His plaid shirt, puffy cotton pants, and beige ankle boots evoked the costume of an early aviator—an effect, I realized, of the painting above his head, which suggested a small airplane whirring through muddy skies. The art in the Chelsea lobby has never looked entirely real or valuable to me, in spite of its cool pedigree.
“Well, so.” Robert grinned expectantly, a pale face coming into focus. I contrasted his relaxed English, unaccented enough to pass for American, with my memory of Paul’s overprecise diction. “It’s been years and years.”
Robert rose to his feet and offered a freckled hand.
“Four years, I think.”
“Where does the time go.”
“After forty it just races past.”
“The good times race,” Robert sighed. “Suffering crawls.”
“We should wish people a short life, I guess.”
“A wish often granted, alas,” said Robert, making my remark sound fatuous.
You have to climb up to the valley, I thought, and many lose their breath. My inner vision conjured a giant eye in the crater of a volcano, shuddering bloblike in time to a deafening heartbeat. Robert reminded me of Munich and Munich reminded me of a country house near Salzburg where, seven years earlier, I’d left a copy of The Other Side of the Mountain by Michel Bernanos, the one who died at forty. And those seven years were gone in the flutter of an eyelid.
That morning I had come across a postcard of a pensione I’d once stayed in in Positano. In my mind I saw steep cement steps wending down to a rocky beach, hairy torsos broiling in the sun, and echoing walkways threaded between damp stucco walls. The memory came attached to another dead friend: we had climbed one afternoon to a cemetery full of sweet clover and rosemary and dessicated weeds perched on a mountainside above Amalfi Drive. When this you see, remember me.
Standing, Robert looked like photographs of Rimbaud, handsome and bleary and spoiled, with short curls (in Robert’s case, red ones) and a subtle air of self-possession. He was the type of unaggressive male I had to remind myself wasn’t gay—“sensitive,” European, muy simpatico.
A blast of freon greeted us in El Quijote. There was something metallic about the restaurant’s vaguely controlled chaos.

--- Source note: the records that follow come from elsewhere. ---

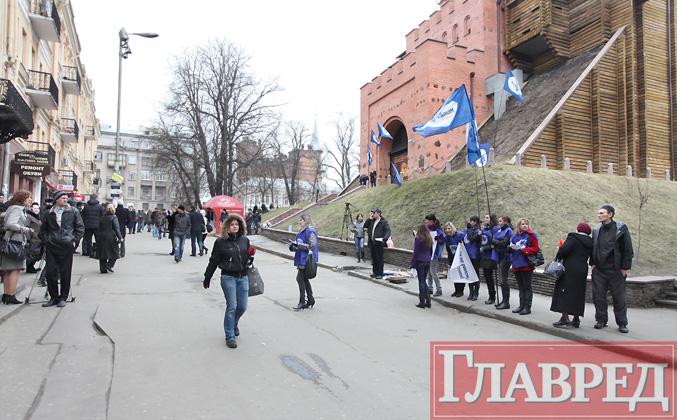 В Киев съехались регионалы. ФОТОрепортаж Акция прошла в рамках совместного социального проекта «Сделаем Киев чистым», инициаторами которого являются столичная городская государственная администрация и всеукраинское молодежное объединение «Молодые регионы». Несколько милиционеров, до десятка молодых региональных активистов да представители КГГА – вот и весь «экскорт», сопровождавший кран, убирающий МАФы (малые архитектурные формы). Почему под снос пошли только два киоска, продававших до сих пор лотерейные билеты и сигареты, никто не удосужился объяснить. Продавцы соседних киосков, которым удалось избежать чиновничьей экзекуции, мирно наблюдали за показательной уборкой МАФов. |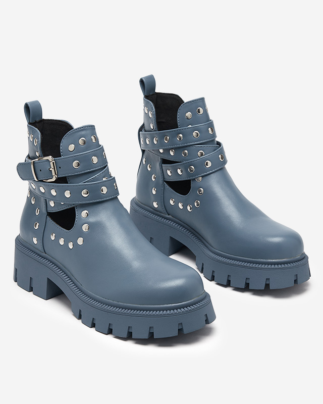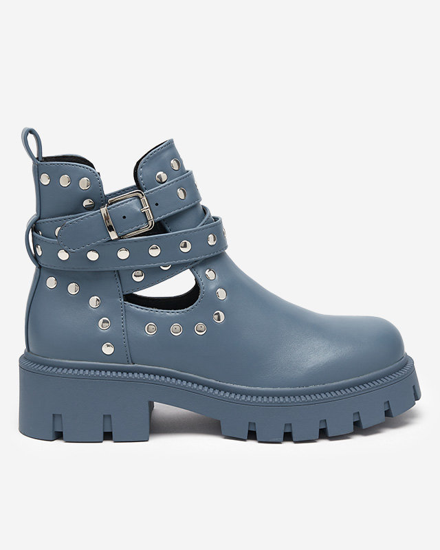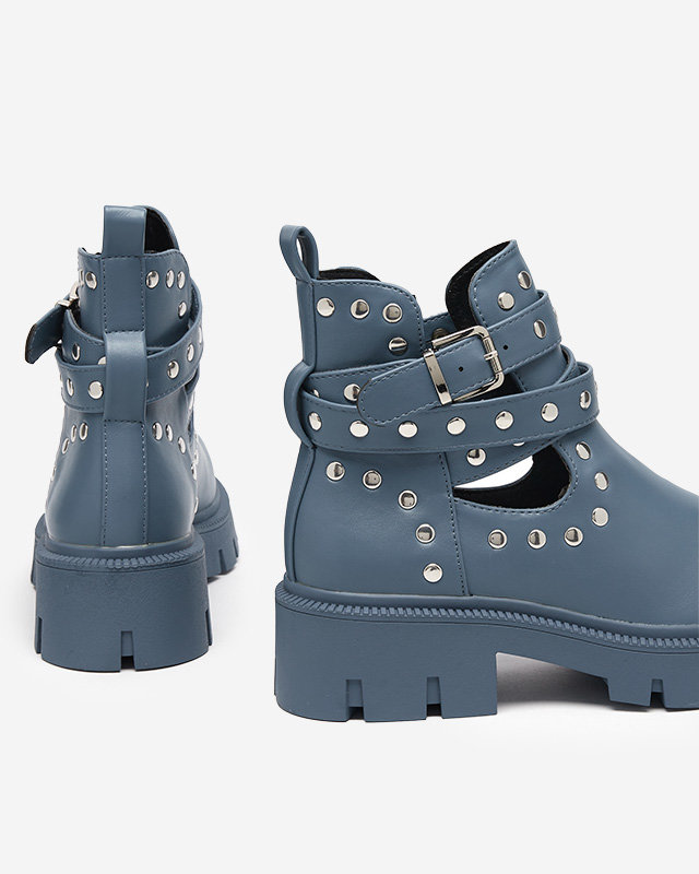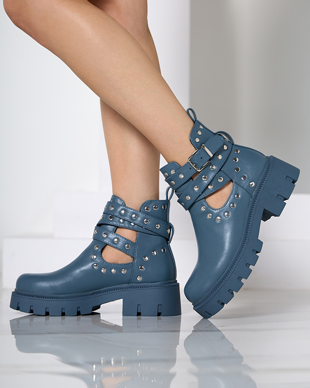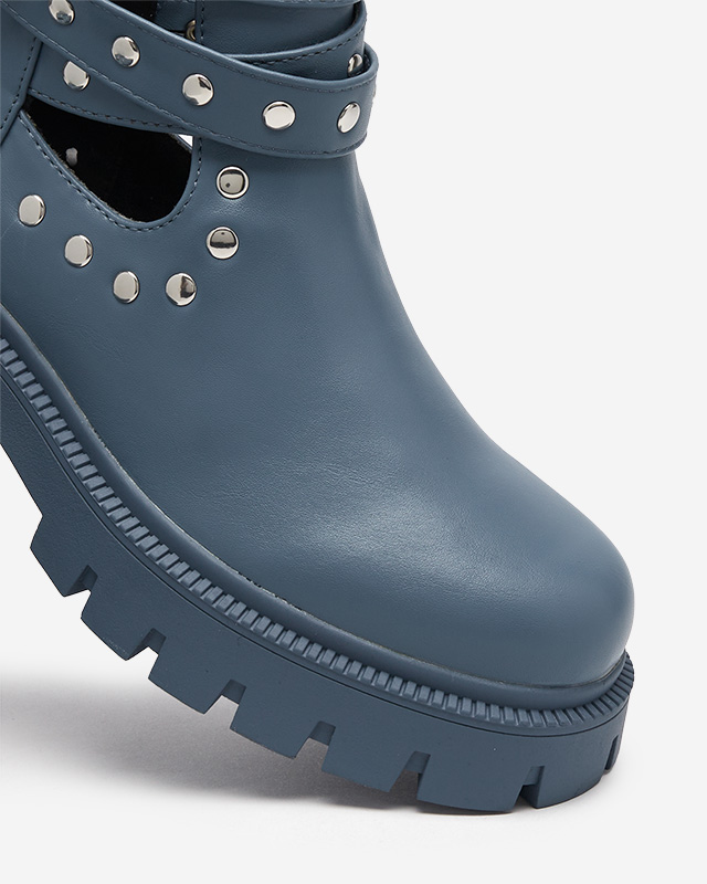 - Чоботи на плоскій підошві з еко шкіри, тканинна вставка. Модель сліпони, верх прикрашений вирізами та стразами. БЛАКИТНІ ЖІНОЧІ ЧЕРЕВИКИ З ЕКО ШКІРИ SOCOGI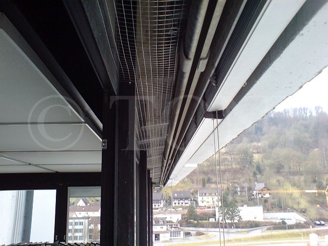 We installed netting using cable frame technology in the inner courtyard of a bank in Frankfurt. Pigeon dropping also had to be removed and disinfection carried out.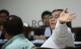 Mantan Ketua MK Akil Mochtar menunjukan surat permohonan saat sidang untuk memberikan kesaksian di Gedung Tindak Pidana Korupsi, Jakarta, Senin (21/9). (Republika/Raisan Al Farisi)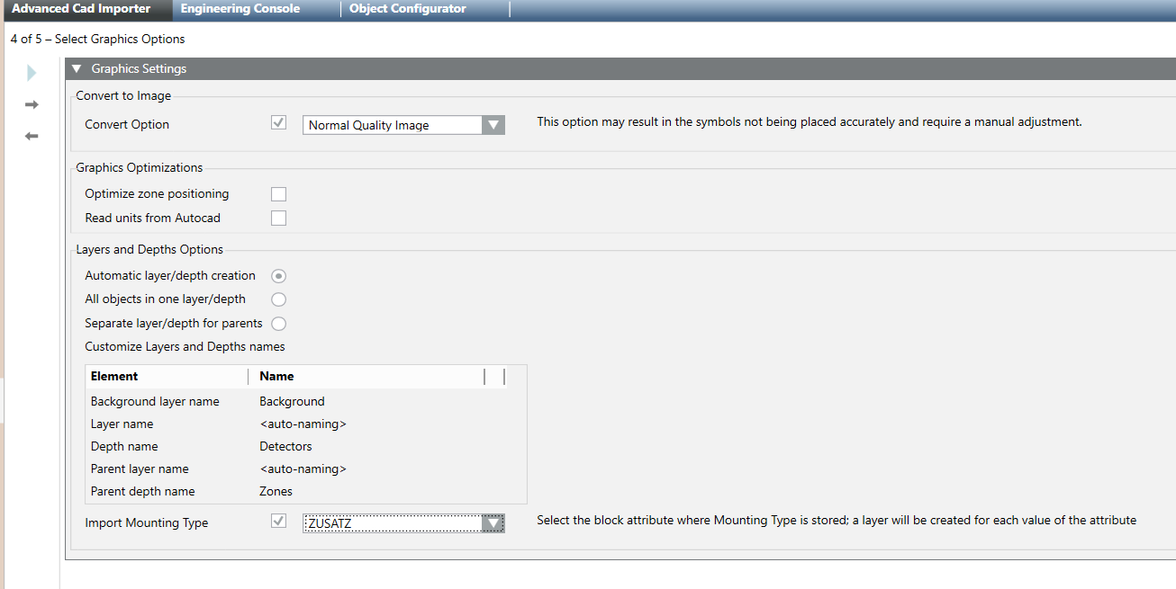 Select Automatic layer/depth creation to create a single depth including layers for each CAD object type and subtype. A second depth is created for parent objects that are not present in the CAD drawing, also separated in type/subtype layers. If parent and child objects are both present in the CAD drawing, they are imported in the first depth, and then the grandparent objects are added separately in the second depth. The table that appears below displays the resulting layers and depths Name, which you cannot customize. Note that layer names will be given from the object types/subtypes (<auto-naming>).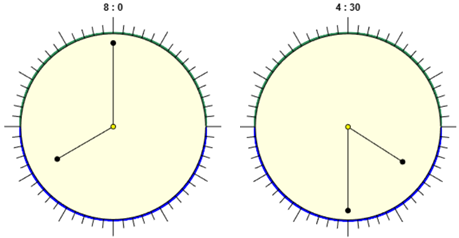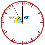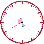 Sono esattamente le 9. Passano due ore. Le ore segnate sull'orologio sono 12. Quindi la lancetta delle ore avanza di 2/12, ovvero di 1/6 di giro. Dalle 9 alle 12 la rotazione è di 90°, quindi dalle 9 alle 11 la rotazione è di 60°. La lancetta dei minuti fa due giri completi, quindi ruota di 360°·2 = 720°. Alle 8 in punto le due lancette distano 4/12 di giro, ossia 1/3 di giro, ossia 360°/3 = 120° (angolo rosa a fianco). Alle 4 e mezza le lancette distano metà di un quarto di giro, ossia 90°/2 = 45°. |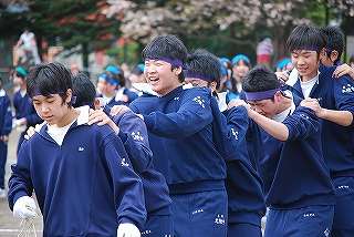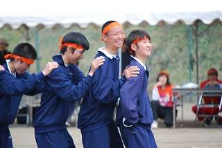 ※15日(土)体育祭「3年生の「ムカデリレー」」の様子です。黄組が圧倒的に差をつけてゴールしました。黄組の呼吸の良さが光り、予想通りの「結果」となりました。

When we had a booth and a pitcher of margaritas, Robert repeated what he’d told me on the phone: that he was sharing a suite upstairs with a television director named Dina, and writing bits for her ZDF documentary on hotels. They had a few more days of shooting at the Chelsea, then they’d go to the Marmont in L.A. Robert normally wrote books. In Munich, he and Paul had drifted together in the loose mix of cinema and literary types who inhabited the Deutsche Eiche and Harry’s New York Bar in the seventies and early eighties.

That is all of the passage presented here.